Since we have such an international community, it's imperative that we tweet our posts more than once per day. We try not to go overboard, but will often tweet the same content 3 different times throughout the day. Each time changing up the text so it's not exactly the same.
great point! it may interesting to track visits for each tweet time and see how they compare... probably pretty equally.
Love this data and the analysis that accompanies it. Would like to see more in depth statistical posts of this nature on SEOMoz - well done FollowerWonk!
Very interesting post. I am a late-adopter to Twitter and after about 18 months am only now getting the hang of it and really understanding how to use it to communicate effectively. I have a question related to David's comment and your followup comment regarding users who "Retweet" their blogposts on a schedule after a new one comes out.

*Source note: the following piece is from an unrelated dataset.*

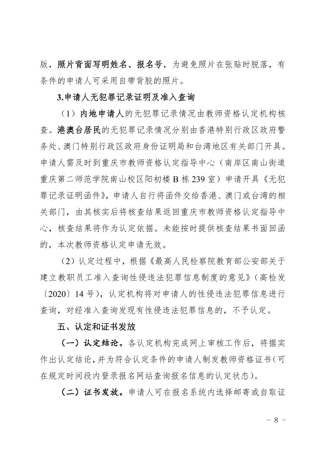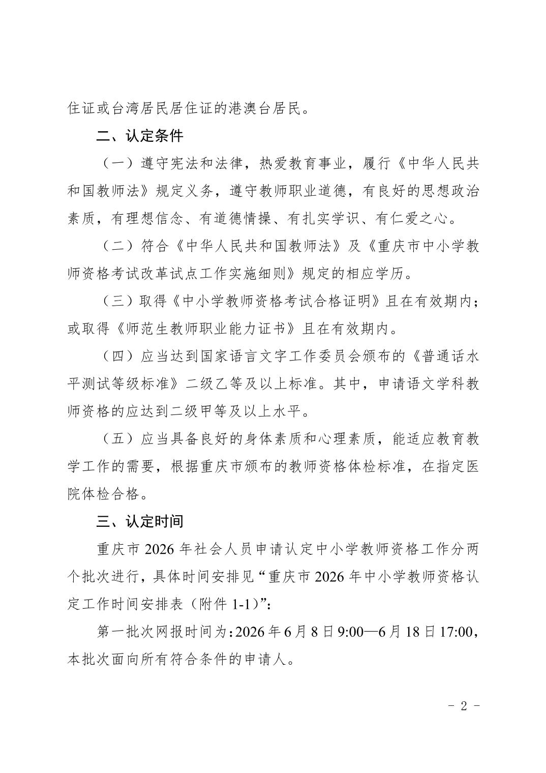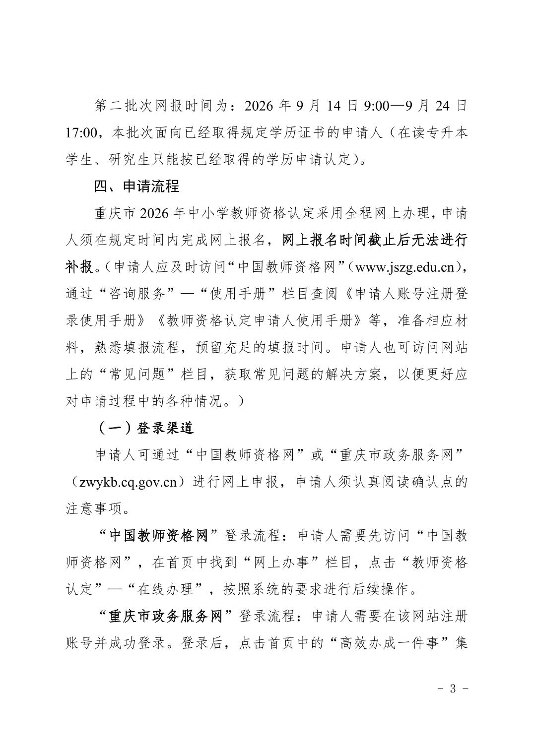 重庆市2025年中小学教师资格认定公告
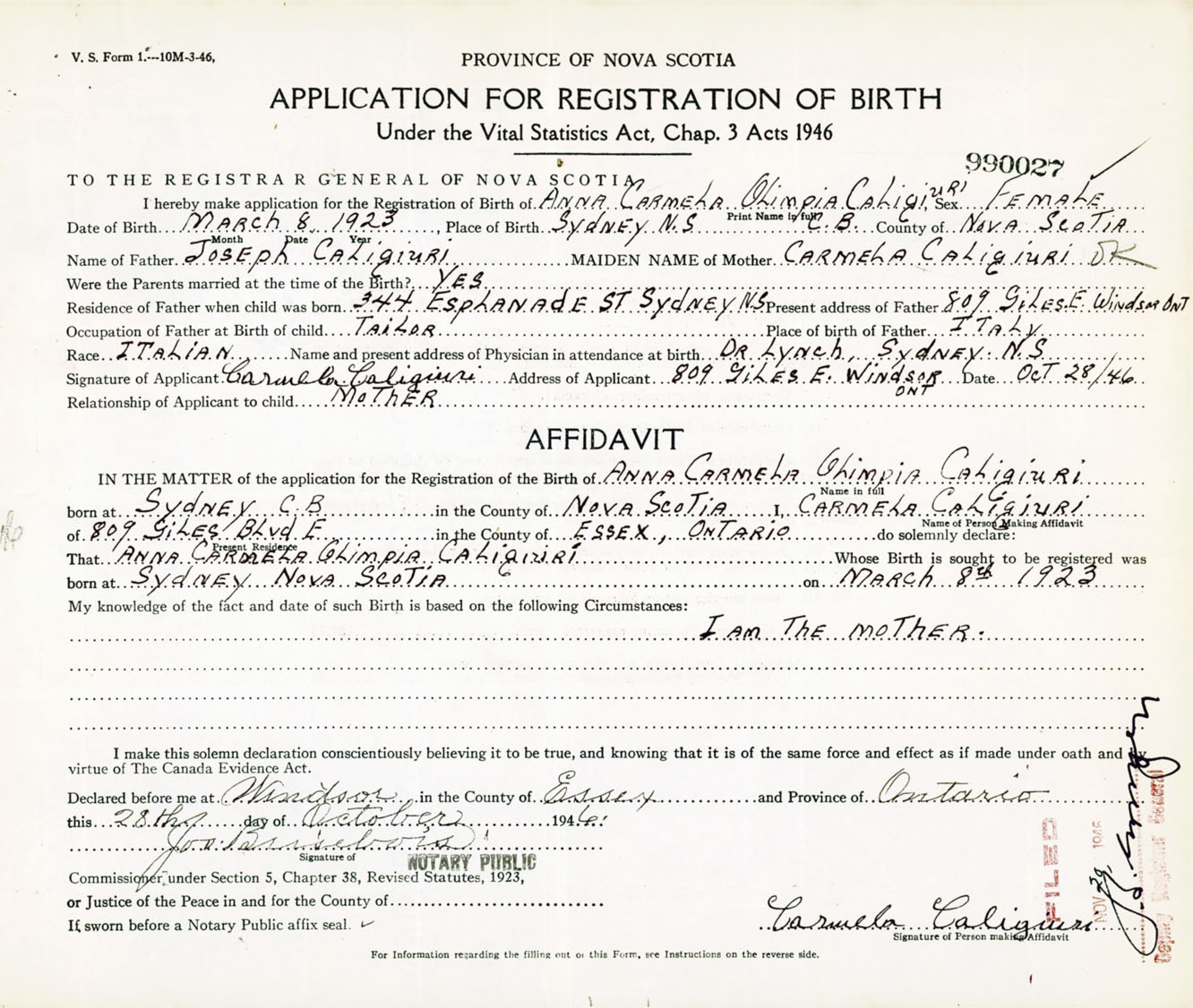 Signature of Applicant Carmela Caligiuri Address of Applicant 809 Giles Street East, Windsor, Ontario Date 28 October 1946

I remember reading somewhere that Guy Kawasaki retweets his blogposts 8 hours apart for several days after a new one comes out. Is this technically a Retweet or a "repost." Regardless, how many days in a row is this valuable? For example, How many times does Rand Retweet or "Repost" a tweet about a new blog entry?
Is the average life of each of those "Retweets" the same as the one that came before it or different?

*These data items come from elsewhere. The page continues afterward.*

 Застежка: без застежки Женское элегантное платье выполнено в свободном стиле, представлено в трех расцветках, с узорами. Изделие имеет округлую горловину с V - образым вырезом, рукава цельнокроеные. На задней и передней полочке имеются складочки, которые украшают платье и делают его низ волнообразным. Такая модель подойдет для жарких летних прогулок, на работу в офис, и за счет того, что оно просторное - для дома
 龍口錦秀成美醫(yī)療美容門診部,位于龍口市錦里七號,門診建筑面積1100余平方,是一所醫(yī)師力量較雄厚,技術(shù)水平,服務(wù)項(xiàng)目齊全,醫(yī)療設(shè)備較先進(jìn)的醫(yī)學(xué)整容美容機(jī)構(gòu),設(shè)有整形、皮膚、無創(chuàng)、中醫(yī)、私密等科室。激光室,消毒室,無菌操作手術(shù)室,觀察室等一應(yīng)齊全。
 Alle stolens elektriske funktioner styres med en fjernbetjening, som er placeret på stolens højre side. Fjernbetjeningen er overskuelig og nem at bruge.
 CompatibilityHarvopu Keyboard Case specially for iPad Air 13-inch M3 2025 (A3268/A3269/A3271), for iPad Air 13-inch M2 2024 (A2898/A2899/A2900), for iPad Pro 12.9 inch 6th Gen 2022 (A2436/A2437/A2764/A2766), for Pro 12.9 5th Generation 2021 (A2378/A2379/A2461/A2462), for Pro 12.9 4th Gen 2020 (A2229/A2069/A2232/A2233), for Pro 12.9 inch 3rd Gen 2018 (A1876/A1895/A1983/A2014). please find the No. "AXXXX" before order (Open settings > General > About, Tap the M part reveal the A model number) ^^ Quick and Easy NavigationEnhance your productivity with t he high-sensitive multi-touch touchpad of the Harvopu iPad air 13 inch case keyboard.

So much to digest! Thanks!
Dana
Hi Dana: Those would be reposts, although really they kinda are "retweets". But that latter terminology is reserved, I suppose, for "official" retweets (meaning, an "endorsement" you do to another person's tweet via Twitter's API). As for value, not sure! It's hard to test stuff like that as the data is relatively sparse. I never see Rand tweet his blog post more than twice, and that's probably the max you want to do. One thing to be sensitive to is that while subsequent tweets may result in more traffic, they may also result in some people tuning you out (e.g., unfollowing you).
Precisely. chronic mass-tweeters are more annoying than yesterday's stinky milk. So you have to do it with extreme caution and with amusing copywriting, to make your followers see that there's a reason for tweeting the same post more than once.
This post is awesome, it should get promoted to blog.twitter.com ;)
Thanks for taking the time to talk about this, I feel strongly about it and really like mastering more on this subject. If feasible, as you acquire experience, would you mind updating your blog with much more information and facts? It is very helpful for me.
I am going to look for more information to complement the knowledge that you have given us, it is very interesting thank you very much
Peter you make my heart by writing this great post and the importance or lifespan of a tweet really have worth and if someone can get its value it will be a great opportunity for him. I agree with you that not all the tweets of same worth but if you are innovative in your thoughts and can generate the best content like this one there will not be anything left for the less traffic.
I always like when we can collect data to prove that what we already knew from common sense and simple thinking about the process(es). At least it confirms the research methods. :)
thanks for the share! To me life span of a tweet depends upon the amount of traffic it gets in terms of RT's, mentions etc. You can't really figure out exactly what would work or what would not. It's a user oriented result feature to me.
Regards
good job pete!
I definitely view RT's as an extremely valuable form of marketing- it's interesting to see how long these tweets remain viable to the average user. I think there is a huge untapped potential when it comes to twitter and retweeting. Businesses could really benefit from trying to increase their retweets and can do so in a very cost effective way. It wouldn't cost much for huge corporations to run contests with merchandise or gift card give-aways. You also look at the large number of retweets celebrities and athletes receive. Inking them up to endorsement deals and having them casually or naturally tweet about a certain product could be a huge deal.